Доведенная до белого каления Ольга бушует в грим-уборной.
– Merde, дерьмо, суки, шопа, засранцы! – кричит она на всех знакомых ей языках. А таких наберется немало.
Где-то через час сестра моя слегка приходит в себя.
– Да, батуты в этом городе ни к черту, – говорит она, вспоминая Вадима, сгинувшего в пасти бегемота более шестидесяти лет назад.
Теперь Ольга чуть не помирает со смеху. Но, несмотря на испорченный финал, в уборную всё заходят и заходят люди с цветами и поздравлениями. «Какая удивительная скандинавская сопрано», – наверняка думают они. Во всех смыслах удивительная.
Потом мы отправляемся в ночь. И попадаем в Варинькин город, проходим мимо Зимнего дворца. Отыскиваем площадь, на которой когда-то располагался цирк Совальской. На площади темно, но, чтобы выпить за нашу бабушку, мы находим небольшой подвальный кабачок на углу. Где и выпиваем с группой латышских моряков.
– Варинька, come and sit down[170]! – кричит один из них девушке за барной стойкой.
Я с любопытством гляжу на нее. На шее у девушки татуировка.
– And bring more vodka![171] – хохочет моряк.
– Варинька? Is her name Varinka?[172] – спрашиваю я.
– Yes.
– Same name as our grandmother…[173] – поясняет Ольга.
– Ah, your grandmother… Russian like me?[174] – Девушка с татуировкой возникает возле нашего столика с новой бутылкой.
Я киваю.
– Varinka means stranger, you know?[175] – говорит она, наливает нам водки и потом осушает рюмку до дна вместе со всей честно́й компанией.
Нет, мы этого не знали.
Но это правда. Моя бабушка – чужестранка без матери и без родины. Чужою она прожила шестьдесят лет на Амагере среди непонятных, загадочных человечьих душ, говорящих на целом море диалектов. Много лет она была чужой и своему мужу, и своей дочери. Даже нас, трех сестер, своих внучек, она допускала к себе дай бог если наполовину. Может быть, после смерти деда лишь грейхаунд Игорь, на самом деле летавший по воздуху, проник в ее заскорузлое сердце.

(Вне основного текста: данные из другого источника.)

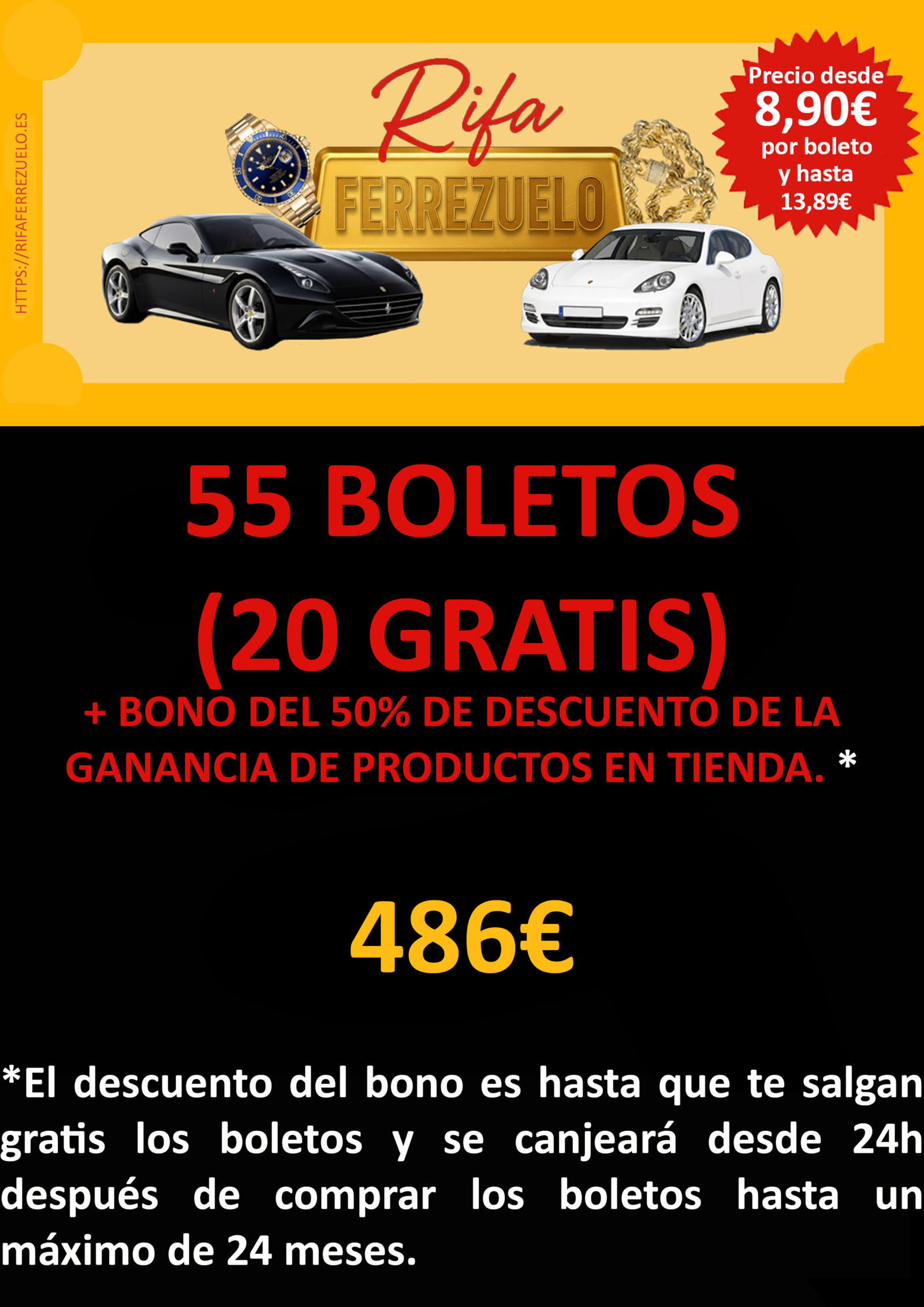Participa en la Rifa Ferrezuelo con 1 boleto. Precio: 13,89€ cada boleto

Остаток той ночи я вспоминаю точно в тумане. Ольга пальтируется с одним из моряков на заднем дворе, а я целуюсь взасос с его приятелем в баре. Хотя мозги затуманены водкой, мне становится предельно ясно, что я живу на полную катушку, только когда рядом Ольга. Кроме нее, я не знаю никого, кто бы мог спеть главную партию в опере, а потом отправиться прямиком в кабак и заняться рукоборством с парой латышских моряков. Сопровождая это безудержным хохотом и мощным пуканьем. На пару часов я занимаю у сестры толику бесшабашности и вживаюсь в ее образ, как в свой. В иные ночи магия действует даже после того, как часы пробьют двенадцать.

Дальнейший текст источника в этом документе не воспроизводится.